A. Use a dedicated blood transfusion tubing set.
B. Obtain written informed consent from the client.
C. Verify the client identity and blood compatibility with another RN.
D. Premedicate the client with acetaminophen.
💫RATIONALE✔️✔️: Two-RN verification of client identity, blood type, and unit number is the primary
safeguard against ABO incompatibility hemolytic reactions.
💫ANSWER✔️✔️: C. Verify the client identity and blood compatibility with another RN.
---
8. A charge nurse is evaluating a staff nurse's response to a client with a new tracheostomy who has
desaturated to 85%. The nurse first calls a rapid response. Which statement by the charge nurse is best?

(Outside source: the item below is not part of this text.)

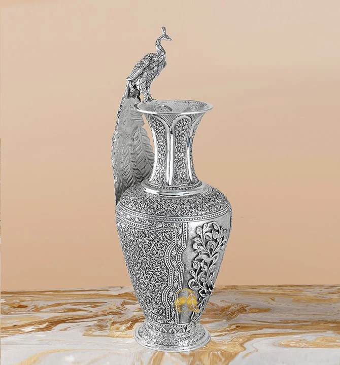 This elegant Peacock Antique Silver Flower Vase features detailed antique-style carving and a beautifully sculpted peacock motif, making it a standout décor and gifting product. Crafted in high-purity silver with intricate workmanship, it offers excellent durability and premium visual appeal. A fast-moving wholesale item ideal for retailers, home décor stores, and luxury gifting collections.

A. "You did the right thing by calling for help immediately."
B. "Next time, try to suction the tracheostomy first before calling."
C. "You should have checked the oxygen tank level first."
D. "Calling rapid response was an overreaction to this situation."
, 💫RATIONALE✔️✔️: Acute desaturation in a new tracheostomy may indicate tube obstruction; calling for
help is appropriate, but the first action should be to attempt to clear the airway.
💫ANSWER✔️✔️: B. "Next time, try to suction the tracheostomy first before calling."
---
9. A nurse manager is reviewing hand hygiene compliance. Which observation indicates a need for
further teaching?
A. A nurse uses an alcohol-based rub before donning sterile gloves.
B. A nurse washes hands with soap and water when visibly soiled.
C. A nurse wears gloves and then performs hand hygiene after removal.
D. A nurse uses alcohol-based rub for 10 seconds until dry.
💫RATIONALE✔️✔️: Alcohol-based hand rub should be applied for 15-20 seconds until dry; 10 seconds is
insufficient for effective microbial kill.
💫ANSWER✔️✔️: D. A nurse uses alcohol-based rub for 10 seconds until dry.
---
10. A client with a history of falls is being discharged home. Which referral is most important for the
nurse to initiate?
A. Physical therapy for gait training.
B. Occupational therapy for home safety evaluation.
C. Social work for financial assistance.
D. Speech therapy for swallow evaluation.
💫RATIONALE✔️✔️: Occupational therapy assesses home environmental hazards (rugs, lighting,
bathroom safety) and recommends modifications to prevent falls.
💫ANSWER✔️✔️: B. Occupational therapy for home safety evaluation.
---
11. A nurse is caring for a client with a chest tube. The drainage system is knocked over and cracks.
What is the priority action?
A. Clamp the chest tube with padded clamps.